# Hidden blocks n' strikes



## MisterMike (Nov 4, 2003)

Does anyone know the hidden blocks (3)  in Star Block Set?

How about the matching moves to the right inward block(in cat stance) or the left outward elbow(between outward and upward block sequences) in Long 1.


----------



## Touch Of Death (Nov 4, 2003)

> _Originally posted by MisterMike _
> *Does anyone know the hidden blocks (3)  in Star Block Set?
> 
> How about the matching moves to the right inward block(in cat stance) or the left outward elbow(between outward and upward block sequences) in Long 1. *


 huh?


----------



## MisterMike (Nov 4, 2003)

You knowwww..them there hidden stuff.

Like in star block set, you can insert an inward downward palm down block before returning to the hip before the pushdown. There's 2 more somewhere in there as well I hear.

As for Long Form 1, there's a standout move, a left outward elbow strike. So there must be a right outward elbow strike in the forms to match it. Same for the right inward block in move 3 of Long Form 1(where you pause in a cat stance). Must be a left in one of the Forms. I heard it was in Form 6, but I'm not sure so that's why I was askin if anybody knew.


----------



## Touch Of Death (Nov 4, 2003)

Mister Mike,
Ok, I have one. How about the "down side of the circle" inward block that is the return motion of your outward block and the prep for the downward block in starblock?


----------



## MisterMike (Nov 4, 2003)

> _Originally posted by Touch'O'Death _
> *Mister Mike,
> Ok, I have one.
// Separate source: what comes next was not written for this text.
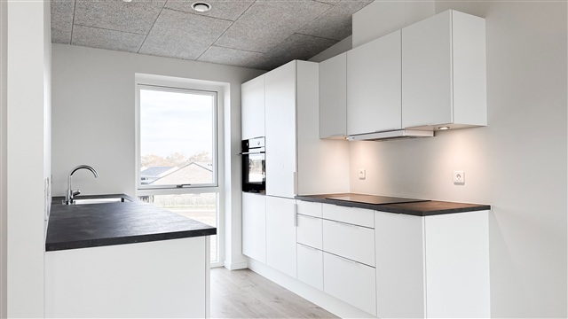 In the sought-after Billund area, you will find a collection of 44 bright and contemporary rental homes featuring between 2 and 5 rooms. These residences are designed with an emphasis on functionality, ample natural light, and high-quality materials. The dwellings are arranged over two levels separated by a horizontal division, where one unit occupies the ground floor and another is situated on the first floor. Each home offers either a private terrace with a garden for those on the ground level or a spacious rooftop terrace for the first-floor apartments.This terraced house includes several key features: it is a modern residence classified with energy rating A2015, thoughtfully laid out to maximize space with practical storage options. Underfloor heating is installed throughout all rooms, each equipped with individual thermostats. A ventilation system is in place to guarantee a healthy and comfortable indoor climate. The kitchen is from Tvis, boasting a sleek, handle-free design and comes complete with all built-in appliances. Floors with an oak-look finish provide warmth and character to the interiors. Every home has a private outdoor space in the form of either a terrace or a balcony, and parking is provided just outside each door. Residents also have access to a shared green park area, complete with a playground, walking paths, and inviting seating spots.
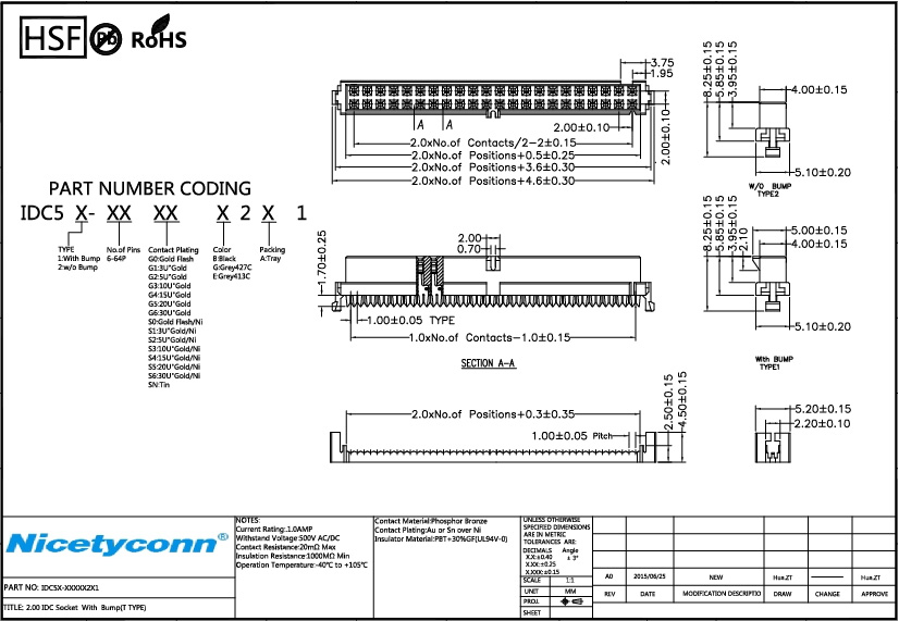 2.0 mm Pitch F Type IDC Socket Connector with Bump |

How about the "down side of the circle" inward block that is the return motion of your outward block and the prep for the downward block in starblock? *



Oh I've definitely looked at that as well..I can't say with any definitiveness what the others are though.

Some have said the chambering on the hip is an "elbow block"
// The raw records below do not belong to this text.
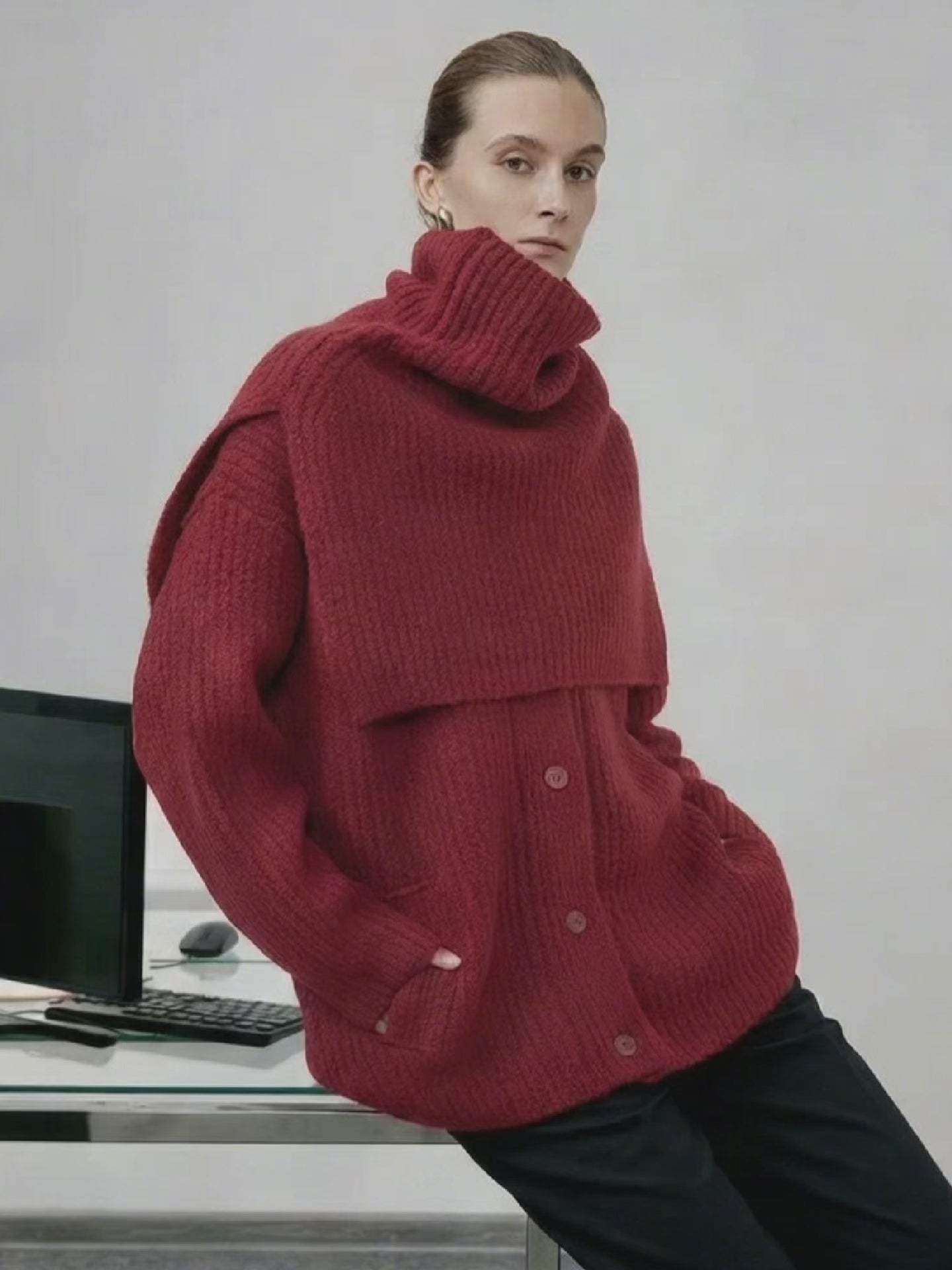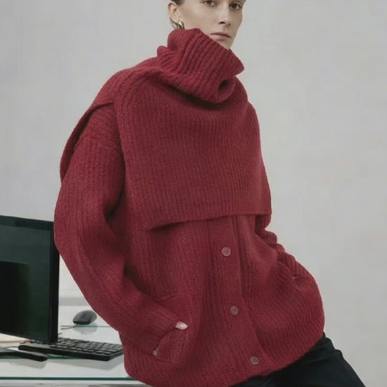 جاكيت كارديجان محبوك من مزيج الصوف - تصميم شتوي برقبة عالية
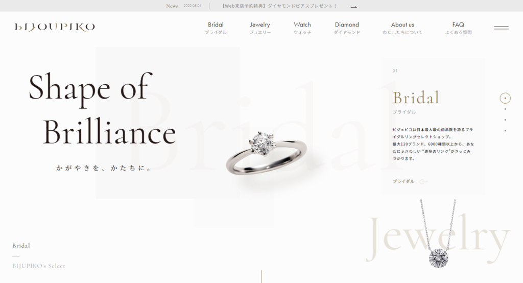 銀座に店舗を構えているセレクトショップです。取り扱っている指輪は300種類を超え、1カラットを超えるダイヤモンドの指輪も100点以上取り扱っています。
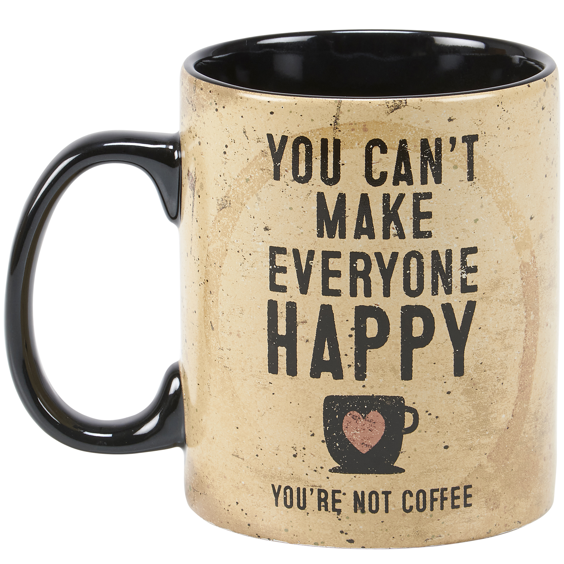 A stoneware 20 oz mug from our Tea & Coffee Collection displaying a double-sided design of coffee cup with a heart in a rustic style. Design also features a fun coffee-themed sentiment that reads "You Can't Make Everyone Happy - You're Not Coffee." Our You're Not Coffee mug is microwave, oven, dishwasher, and food safe for convenient use. A fun coffee-themed gift perfect for everyday drinkware.
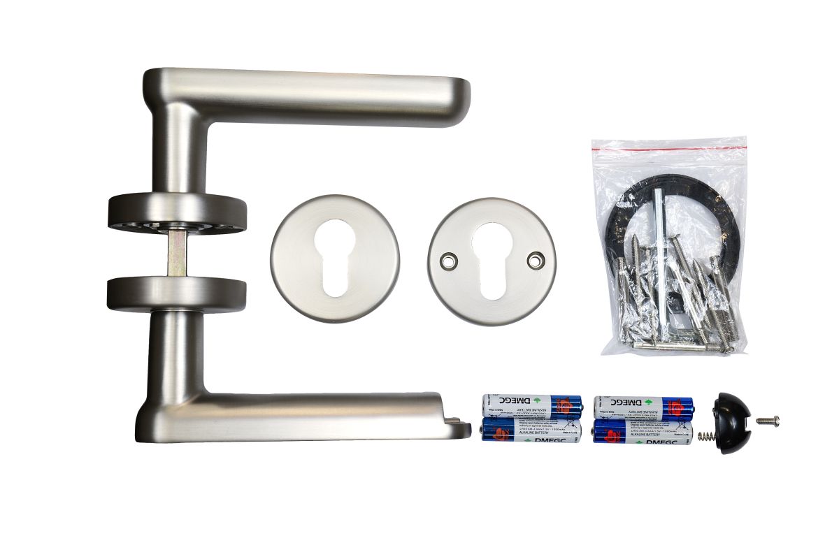 v restauračních zařízení. Z vnitřní strany je klika vždy aktivní. Vzhledem k tomu, že není omezen počet uživatelů ani klik, máte možnost vytvořit přístupový systém, který si díky jednoduché aplikaci v telefonu můžete spravovat. "Smart Touch Handle" můžete použít s Vaším stávajícím zadlabacím zámkem. Dveře budou jištěny pouze střelkou zámku (zabouchnuté dveře). Snadná výměna za stávající kliku bez nutnosti úprav.
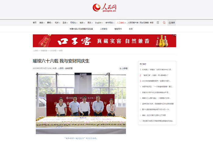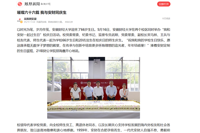 5月16日,人民网、凤凰网以《璀璨六十六载我与安财同庆生》为题,报道在校庆日当天,学校在两个校区同时举办“我和安财一起过生日”校庆日活动,校领导与校友代表、师生代表一起为学校66岁生日和20名出生在校庆日的师生庆生,共赴一场专属安财的温馨生日宴。
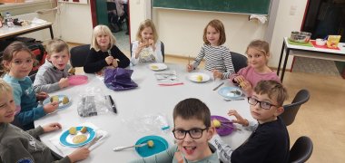 今天,我们弥补了第二节课取消的游览活动:我们步行前往 Meyer 家的土豆田。到了那里,我们首先了解了许多关于马铃薯的知识以及它们是如何生长的。我们还在土壤中发现了许多不同的品种。然后,我们被允许近距离观察大型收割机,甚至有一次还爬上了收割机。我们每个人都收获了满满一袋土豆。明天,我们将烹饪美味的夹心土豆,配上苹果酱和香草蘸酱享用。
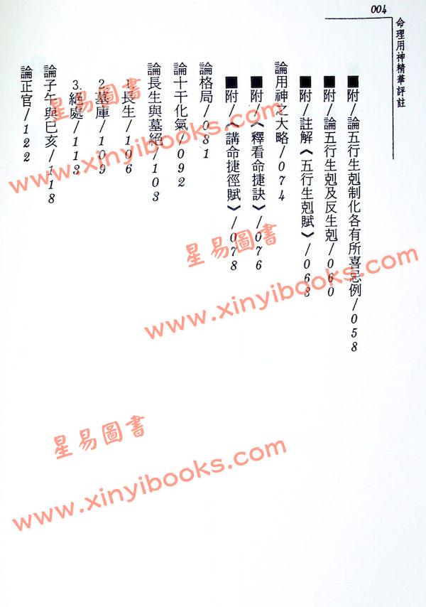 所以本書專重用神,其他生剋、論用神大略、四時節氣、八格、論長生變通法之類,俱要用神有連帶關係者,亦述之。 尚有用神之外,墓絕、滾浪、晦氣等類,其有應驗也,皆列載於後,願後學君子及售斯術者,有所明瞭。若以故意駭人,天理不容。 其餘一切大敗、八敗、鐵掃、華蓋、驛馬及星辰之類,與用神無關,刪除不載。 至於壽元識者希,知時須是洩天機,而且各種關係極多,如堪輿、配合心田等等,皆有利害,本書不錄。
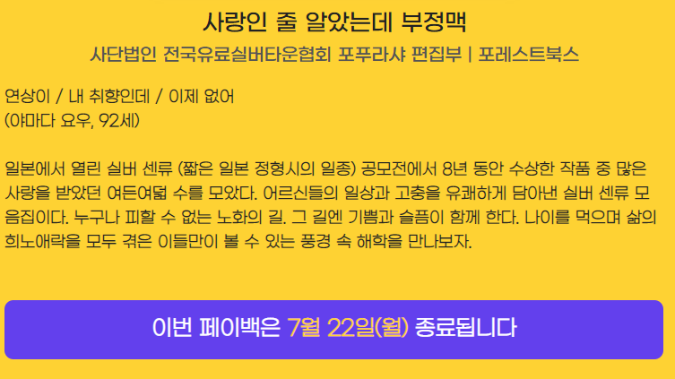 기간 사랑인 줄 알았는데 부정맥 사단법인 전국유료실버타운협회 포푸라샤 편집부 | 포레스트북스 연상이 / 내 취향인데 / 이제 없어 (야마다 요우, 92세) 일본에서 열린 실버 센류 (짧은 일본 정

The motion you refer to could also look like a forearm block too  

Maybe that's the 3 - hopefully someone will chime in on this...


----------



## Rainman (Nov 4, 2003)

> _Originally posted by MisterMike _
> *Does anyone know the hidden blocks (3)  in Star Block Set?
> 
> How about the matching moves to the right inward block(in cat stance) or the left outward elbow(between outward and upward block sequences) in Long 1. *



Information to decode movement is called knowledge.  Nothing is really hidden unless your teacher withholds or does not have the information for you to become self realizing.   

An idea for you to consider is the freeze frame theory.  Frame by frame stops if you will.  Almost every position is that of another especially if you have begun to categorize and start "blocks" from a single point of origin.  And after that look at methods of execution for the same "block".



:asian:


----------



## Goldendragon7 (Nov 5, 2003)

> _Originally posted by Rainman _*
> Information to decode movement is called knowledge.  Nothing is really hidden unless your teacher withholds or does not have the information for you to become self realizing.   :asian:
> *



I agree with Rainman..... Mike, list what you know as "hidden".


----------



## MisterMike (Nov 5, 2003)

> _Originally posted by Goldendragon7 _
> *I agree with Rainman..... Mike, list what you know as "hidden".
> *



I guess waht I'vbe been looking for are the matches to the stand-out moves:

1. The right inward block in Long Form 1
2. The left outward eblow in Long Form 1
3. The match to the left forearm block in Long Form 2 facing 1:30

If the forms are symmetrical, there will be a match to all of these.

Also, when you perform a particular motion in 3's, well, the 4th must be hanging around somewhere otherwise you have a pair and a half


----------